Aim of the task:
The copy must hold exactly the lines from the one with "Dichiarazione universale dei" through the end of the listing below, and nothing else, with no pictures.

Input data:
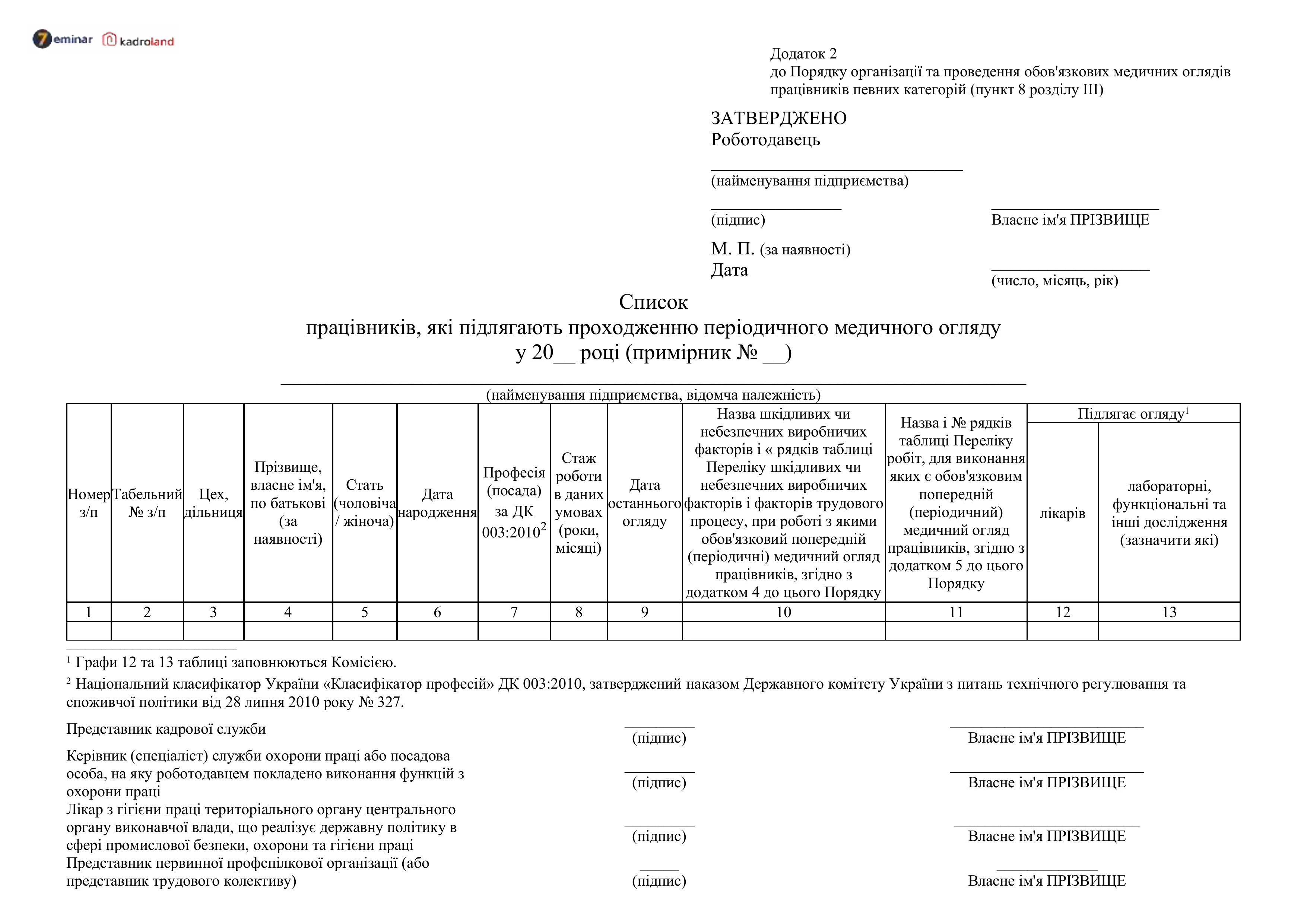 Роботодавець протягом місяця з дати складення Переліку на його підставі складає та в місячний строк погоджує з первинною профспілковою організацією підприємства, установи, організації або представником трудового колективу, якщо профспілка не створювалася, з лікарем з гігієни праці територіального органу Держпраці поіменний список працівників, які підлягають проходженню періодичного медичного огляду (далі – Список працівників), за формою, наведеною у додатку 2 до Порядку.
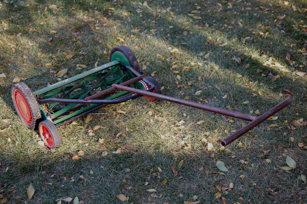 If you’ve ever read Muscle over Motor, you know I’m a big fan of the olde-fashioned Reel Mower for cutting the grass. I’ve used a relatively junky one for years, but this year I scored a dramatic upgrade from a surprising place: the trash bin area in the alley behind yet another neighbor’s house. This really good mower was being tossed simply because the low-quality steel handle had broken. After checking with the neighbor that they indeed did not want it, I brought it home, fired up the welder, and created a much stronger and more (cave)manly-looking handle for it. Since then, my mowing duties have been a breeze, and the mower itself draws many an envious eye from the other men on my street, who are still stuck sucking the fumes of their gasoline mowers and leaf blowers, the lawncare equivalent of a catheter and a bedpan.
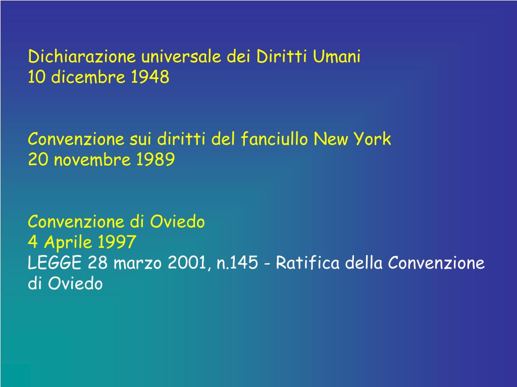 Dichiarazione universale dei Diritti Umani 10 dicembre 1948 Convenzione sui diritti del fanciullo New York 20 novembre 1989 Convenzione di Oviedo 4 Aprile 1997 LEGGE 28 marzo 2001, n.145 - Ratifica della Convenzione di Oviedo
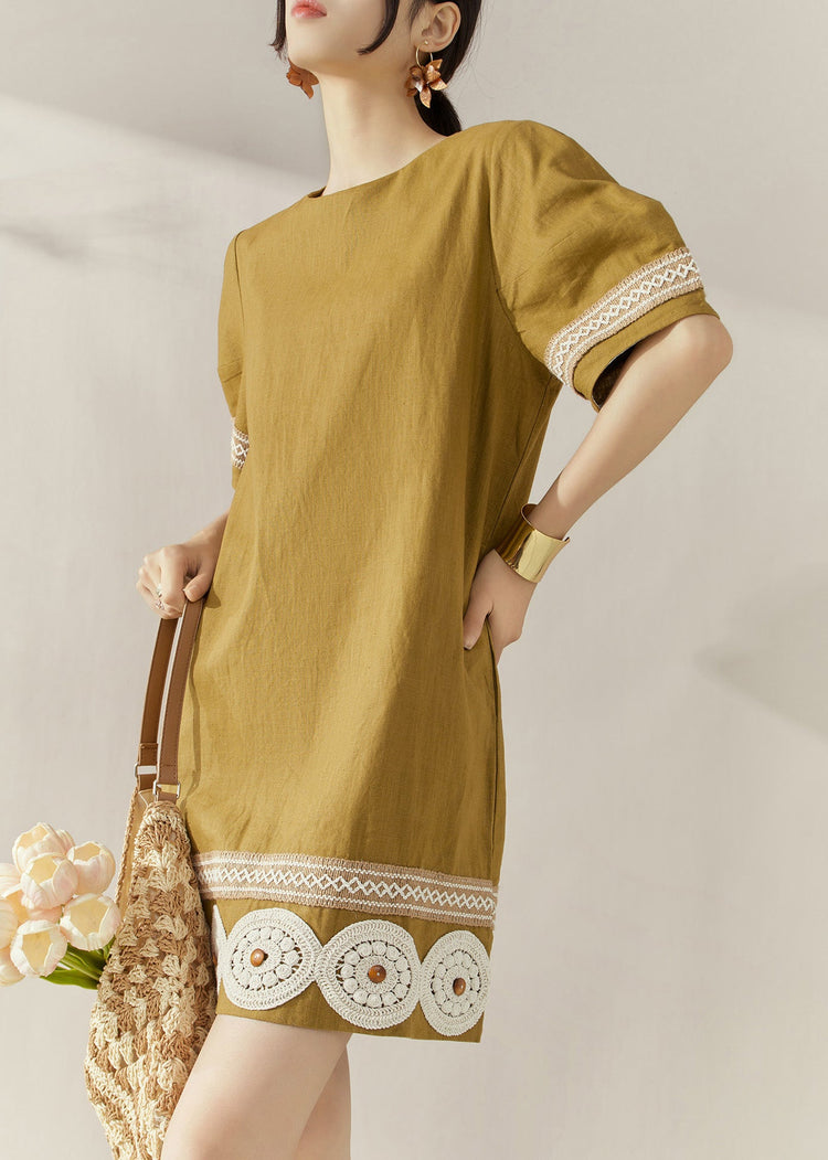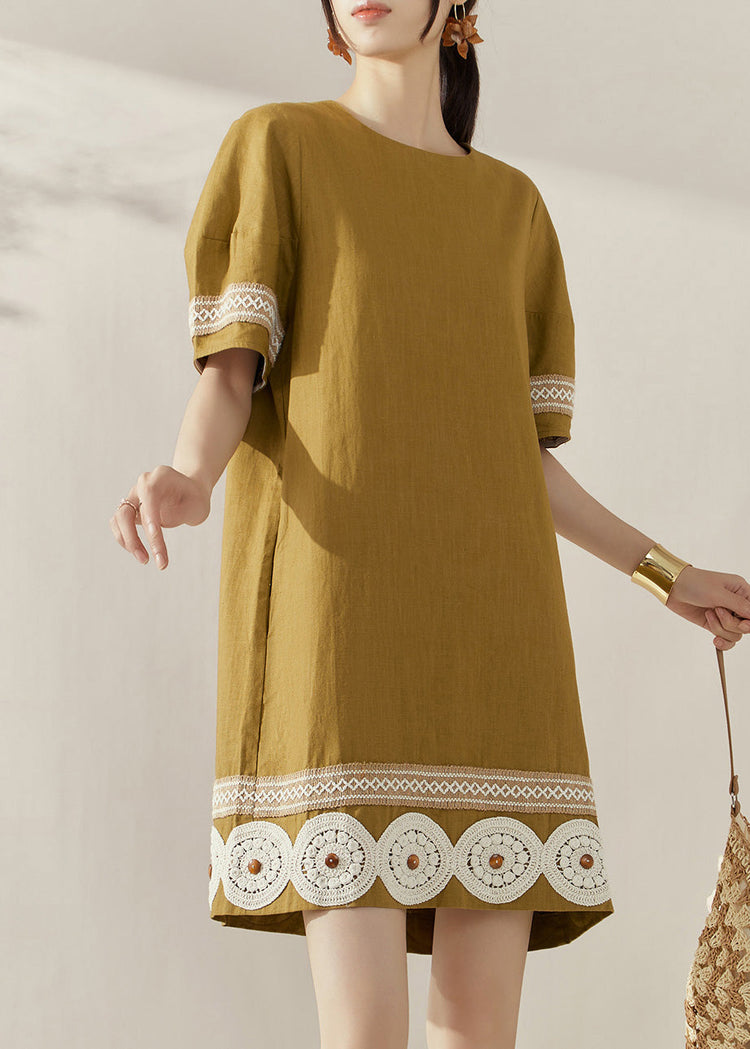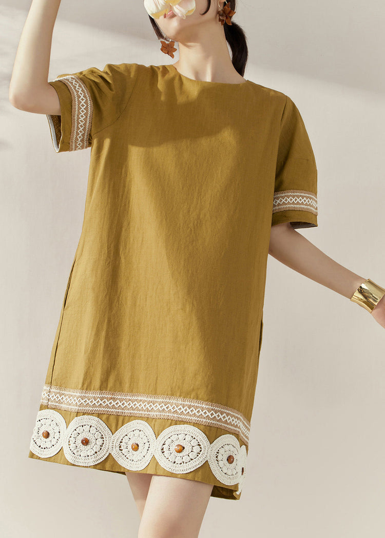 Original Design Yellow Print Patchwork Mid Dresses Summer

Result:
 Dichiarazione universale dei Diritti Umani 10 dicembre 1948 Convenzione sui diritti del fanciullo New York 20 novembre 1989 Convenzione di Oviedo 4 Aprile 1997 LEGGE 28 marzo 2001, n.145 - Ratifica della Convenzione di Oviedo
 Original Design Yellow Print Patchwork Mid Dresses Summer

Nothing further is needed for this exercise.